You Can 'Thank' Away Anger



I'm a very polite person. I was taught to always say "please" and "thank you" when I was a child, a practice that has continued throughout my adult life. However, I never realized the latter phrase could be used as a means of eliminating anger. You might think it an odd concept but let me explain. There are three areas where this applies:

1. People, Places, and Things: Life is not without it's challenging circumstances, injustices, heartaches, and losses. Many individuals try to navigate their way through these situations as quickly as possible to promptly re establish the status quo where they feel safe and comfortable. Others recognize that challenges make us better people  and so they endure them believing that what doesn't kill you makes you stronger. In a tough situation, regardless of the nature of the difficulty, shift your focus from the perceived problem to the value this experience is offering you (a grateful "Thank you, Situation"). This enables one to replace anger with appreciation. 

While one may be able to thank a difficult circumstance for providing an opportunity for personal growth, dealing with an obnoxious person may prove a more arduous task. We seem to have far less tolerance for people than events. It is easy to become angry, defensive, bitter, or resentful when intolerable people disrupt our lives. Trying to work through our anger can be time consuming and exhausting. But what if a simple "thank you" could instantly erase all of the above? A cheating spouse can open our hearts to forgiveness; a coworker who undermines our efforts can teach us to assert ourselves; an egotistical coach whose only goal is to win at all costs can inadvertently illustrate that values and fair sportsmanship are truly the signs of a winner. Thank the really annoying people in your life for they are your greatest teachers.

2. Thanks a Whole Bunch: On rare occasion, I find myself not feeling particularly fond of my husband, more so in the past than of late. Long ago, I devised a mental exercise to relive the moment we first met. We were both at a single's dance and as the close of the evening approached, I summoned my courage, walked over to where he was standing, and engaged in a brief conversation with him. As I left, I thought to myself, That was the sweetest man I've ever met!(First impressions really do matter - in this case they proved to be totally accurate.) However, at times I'd lose sight of who my husband really is and selfishly judge him by an issue he might be struggling with at that moment. This brief exercise instantly restores my feelings of love and appreciation for him. But, I've expanded on this practice. Now, I verbally express gratitude towards him for something he's done or simply for who he is. By saying "thank you for changing the oil in my car last week, or for always allowing me to be who I am without criticism or complaint" immediately alleviates any anger or hostility consuming me and reinstates feelings of love and appreciation in my heart.

 I recommend extending this exercise to others as well: if you are in a bad mood, find someone - anyone - to thank, for any reason what-so-ever. Call  your sister on the phone and thank her for not only being your sibling but your best friend as well. At work, find a coworker or customer and thank them for any small favor. Gratitude is proven to restore our sense of overall well-being and joy. And you cannot be angry and joyful simultaneously.

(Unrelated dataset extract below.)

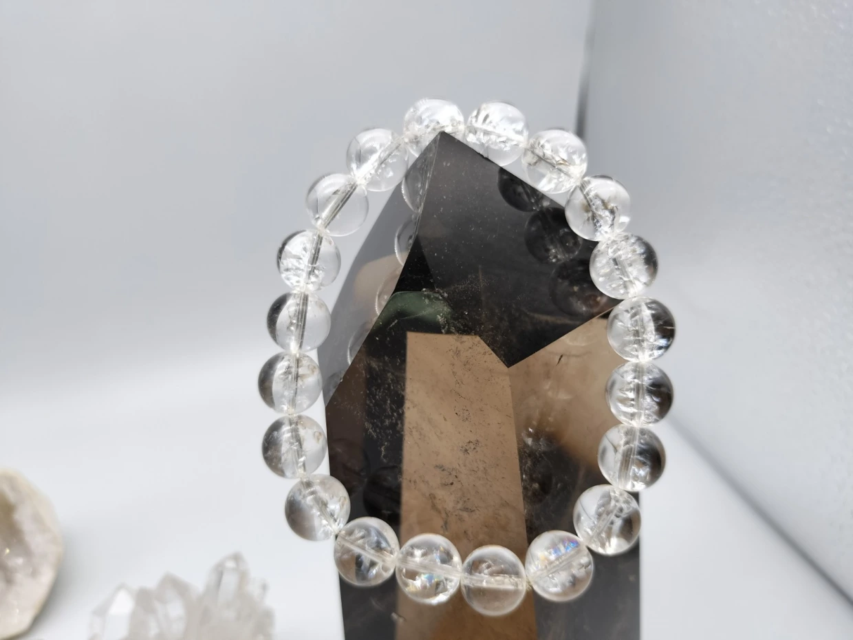 神秘的な虹色の輝きを放つアイリスクォーツ(チベット産)を用いたブレスレットです。クラック(ひび割れ)が光を反射して生まれる虹色は、見る角度によって異なる表情を見せ、飽きることなく楽しめます。

3. No Thanks: As a child, I was also taught that when asked if I wanted something which I did not, the courteous way to reply was by saying, "No thank you". Although considered a polite way to decline, can that phrase also alleviate anger? Lately, I've been feeling overwhelmed and resentful of the amount of demands others are placing on me. I am the go-to person for anyone that needs physical assistance, a shoulder to cry on, financial help, and so forth. In addition to running my own business (which consists of fifteen hour work days), taking care of a home, a husband, our extended family of seven children and thirteen grandchildren, five rescued dogs, and my 90-year old mom there is no time left for me and no one who offers assistance when I need help. Learning to politely say "No thank you" to something I simply cannot or do not want to do for others prevents anger from manifesting. An act of self-love and respect for my own well-being protects me from being taken advantage of and overworked. In this way, I retain my sanity, can judiciously choose how I allocate my time, and extract more enjoyment from my life.

Apparently being polite and offering a sincere "thank you" if far more beneficial than simply showing respect and being courteous of others. Seems this simple childhood phrase also has the power to heal our anger. And you don't need a Rx for this one.